### REQUIRED WORK:
An exact transcription is needed of the lines below from the one with "-102cm San Remo" through the one with "اثنان من أفراد", with no other lines and no pictures.

DATA SHOWN below:

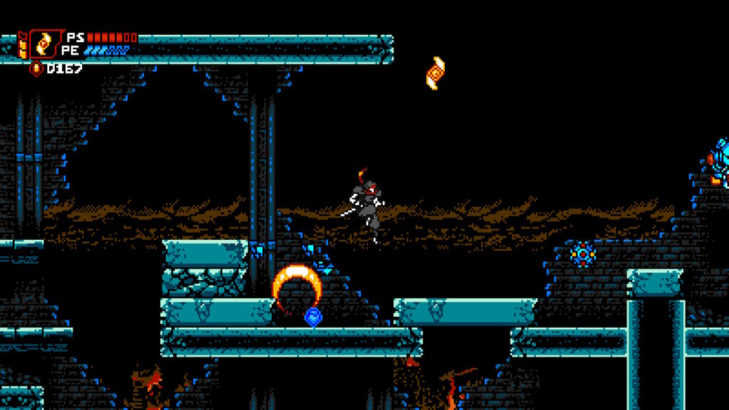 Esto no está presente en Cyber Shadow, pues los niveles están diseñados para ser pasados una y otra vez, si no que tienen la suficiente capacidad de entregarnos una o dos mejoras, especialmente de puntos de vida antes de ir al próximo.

End of DATA SHOWN.
DATA SHOWN below:

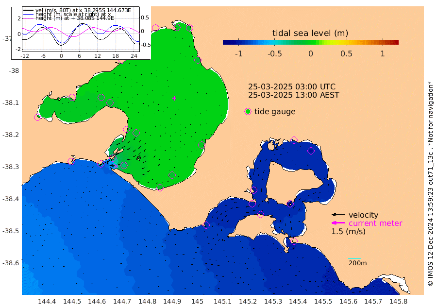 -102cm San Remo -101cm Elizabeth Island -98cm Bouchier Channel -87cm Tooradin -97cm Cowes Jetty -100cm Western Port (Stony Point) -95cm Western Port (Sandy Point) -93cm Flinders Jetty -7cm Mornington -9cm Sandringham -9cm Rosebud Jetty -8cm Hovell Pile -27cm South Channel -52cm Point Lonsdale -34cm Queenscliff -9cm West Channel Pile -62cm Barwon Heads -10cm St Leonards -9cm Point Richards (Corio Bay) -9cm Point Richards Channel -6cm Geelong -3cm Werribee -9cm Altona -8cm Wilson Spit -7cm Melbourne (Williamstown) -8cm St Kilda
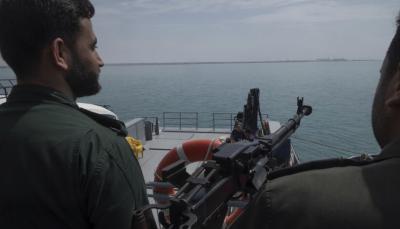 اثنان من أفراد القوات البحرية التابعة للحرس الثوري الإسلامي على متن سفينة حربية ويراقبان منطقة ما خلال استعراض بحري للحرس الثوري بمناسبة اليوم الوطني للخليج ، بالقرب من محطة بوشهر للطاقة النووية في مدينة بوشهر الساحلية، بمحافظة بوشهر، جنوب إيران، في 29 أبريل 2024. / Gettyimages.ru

End of DATA SHOWN.

### COMPLETED TASK:
 -102cm San Remo -101cm Elizabeth Island -98cm Bouchier Channel -87cm Tooradin -97cm Cowes Jetty -100cm Western Port (Stony Point) -95cm Western Port (Sandy Point) -93cm Flinders Jetty -7cm Mornington -9cm Sandringham -9cm Rosebud Jetty -8cm Hovell Pile -27cm South Channel -52cm Point Lonsdale -34cm Queenscliff -9cm West Channel Pile -62cm Barwon Heads -10cm St Leonards -9cm Point Richards (Corio Bay) -9cm Point Richards Channel -6cm Geelong -3cm Werribee -9cm Altona -8cm Wilson Spit -7cm Melbourne (Williamstown) -8cm St Kilda
 اثنان من أفراد القوات البحرية التابعة للحرس الثوري الإسلامي على متن سفينة حربية ويراقبان منطقة ما خلال استعراض بحري للحرس الثوري بمناسبة اليوم الوطني للخليج ، بالقرب من محطة بوشهر للطاقة النووية في مدينة بوشهر الساحلية، بمحافظة بوشهر، جنوب إيران، في 29 أبريل 2024. / Gettyimages.ru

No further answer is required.